(Bloomberg) -- Indonesia’s government and central bank are running into policy limits as they try to stimulate Southeast Asia’s largest economy.
Authorities are predicting growth in 2020 will be the fastest in seven years despite lingering trade tensions between the U.S. and China and subdued global demand. Yet policy options to spur demand are limited: The central bank is already taking a more cautious approach after four interest rate cuts last year, while a revenue shortfall is pushing the budget deficit close to the legally mandated cap of 3% of gross domestic product.

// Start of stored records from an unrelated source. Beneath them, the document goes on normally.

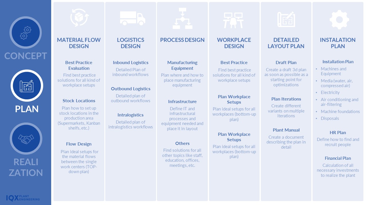 Na splošno je načrtovanje procesov hrbtenica načrtovanja tovarne, saj postavlja temelje za učinkovito in uspešno proizvodnjo izdelkov ter pomembno vpliva na celotno delovanje tovarne.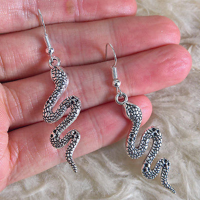 Title (ebay affiliate link): NEW Womens Antique-Silver-Black Metal Snake Chandelier Dangle Drop Hook Earrings
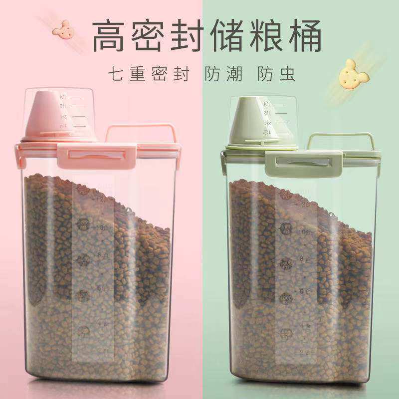宠物储粮桶狗粮猫粮罐头收纳盒防潮防虫密封保鲜半透明PP大容量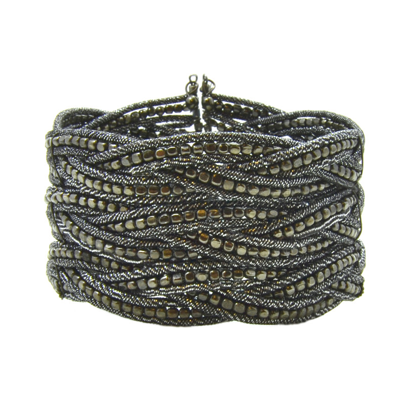 9 Row Braided Nugget Bead & Wire Cuff in Gunmetal.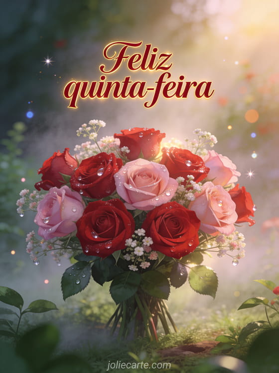 Envie uma linda saudação de feliz quinta-feira com rosas vermelhas e rosadas, orvalho brilhante e uma luz dourada acolhedora. Veja também feliz quinta-feira positiva, bom dia feliz quinta-feira gif ou bom dia e bom dia de quinta-feira.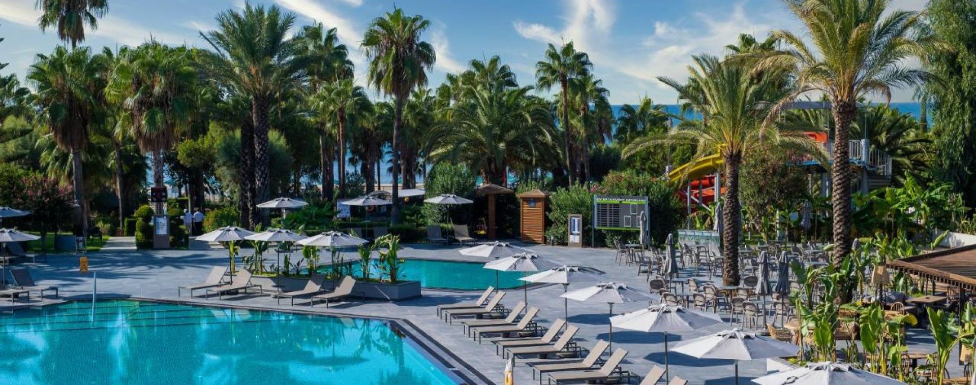 Основен ресторант, 2 а-ла-карт ресторанта (италиански, средиземноморски – 1 безплатно посещение на 1 от ресторантите при минимум 7 нощувки), сладкарница, 11 бара, открит и закрит басейн (отопляеми през зимния период), водни пързалки, дискотека, амфитеатър, СПА център, магазини, паркинг.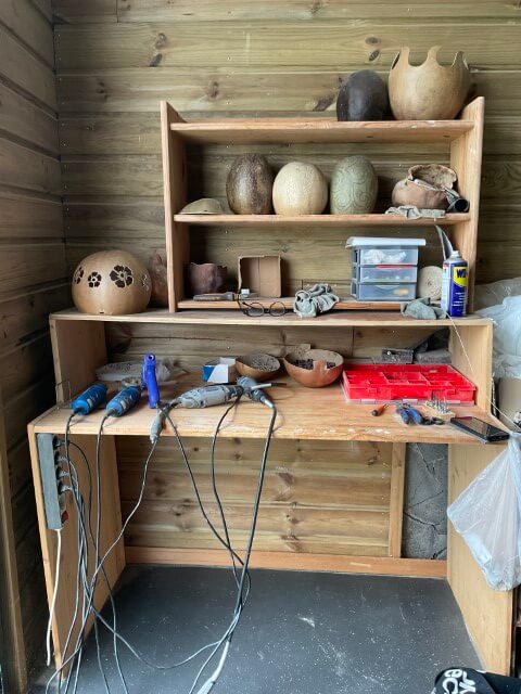 Elle découvre la calebasse en Guadeloupe, après avoir travaillé le bois flotté et les graines. Ce qui la fascine, c’est la capacité de la nature à offrir des formes et des matières déjà parfaites. Elle récolte ses calebasses à La Réunion, dans des jardins ou des espaces ouverts, et cultive également un jeune calebassier. Fidèle à une démarche sobre et respectueuse, elle ne les peint ni ne les vernit : la matière brute est laissée intacte pour révéler sa texture et sa couleur naturelles.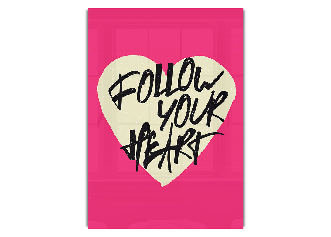 Acryldruck „Follow Your Heart 1“, UV-gedruckt auf 5 mm dickes Acrylglas. Wird mit allem geliefert, was Sie zum Aufhängen an die Wand brauchen.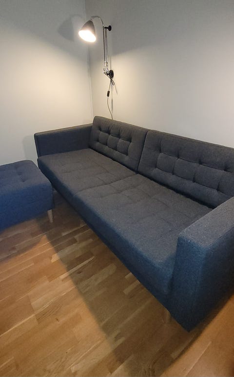 Sofa og stol med pall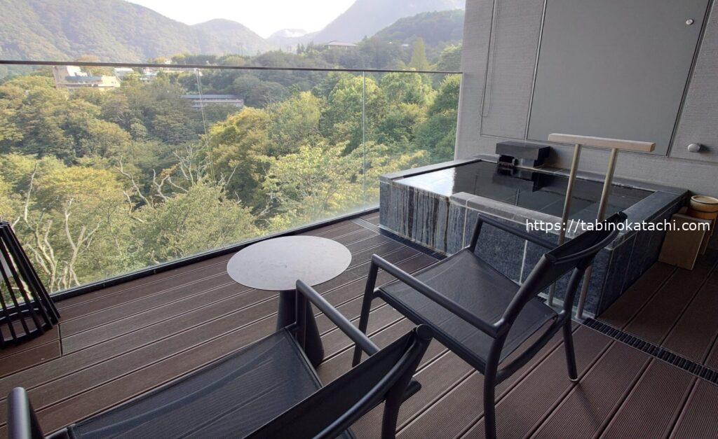 露天風呂とは区切られた、スペースに、インフィニティチェアがあります。

“Fiscal stimulus as this point is more effective than adjustments in monetary policy, and the government needs to be more proactive,” said David Sumual, chief economist of PT Bank Central Asia in Jakarta. But the deficit ceiling “locks us into a soft pro-cyclical policy,” and even if the deficit were pushed to the limit this year it would only add 60 basis points to the growth rate, he said.
Economic growth has been hovering around the 5% mark for several years now. The government forecast 5.1% for 2019 -- down from an initial 5.3% -- and sees growth rebounding to as much as 5.6% this year.
To support the economy, the central bank cut interest rates by a total of 100 basis points in 2019. It has kept the benchmark rate unchanged at 5% at its past two meetings as the Federal Reserve signals a prolonged pause in U.S. rates.
For its part, the government has been widening the budget deficit and planning to front-load spending in the first quarter to support the economy. Last year’s deficit was projected to come in at about 2.2% of GDP amid a revenue shortfall. The government is targeting a deficit of 1.76% of GDP in 2020, but says it will be flexible on the target.
“On one hand we will continue to maintain prudent debt management, but at the same time we will also be supportive and flexible enough when the economy is under strong pressure coming from the global economy,” Finance Minister Sri Mulyani Indrawati said in November.
President Joko Widodo has held discussions with the cabinet about adjusting the deficit ceiling, but no immediate change is expected, according to the Finance Ministry.
Economists surveyed by Bloomberg expect the central bank to lower its benchmark rate to 4.75% this year. Inflation, which eased to 3% in November, is forecast to stay within the central bank’s new target of 2%-4%, while the economy is projected to grow about 5%.
“The monetary policy space looks limited,” said Charu Chanana, deputy head of Asia research at Continuum Economics in Singapore. “Fiscal easing is likely to be more effective to lift credit demand, and we see room for the Indonesian government to announce targeted measures despite the revenue and deficit ceiling constraints.”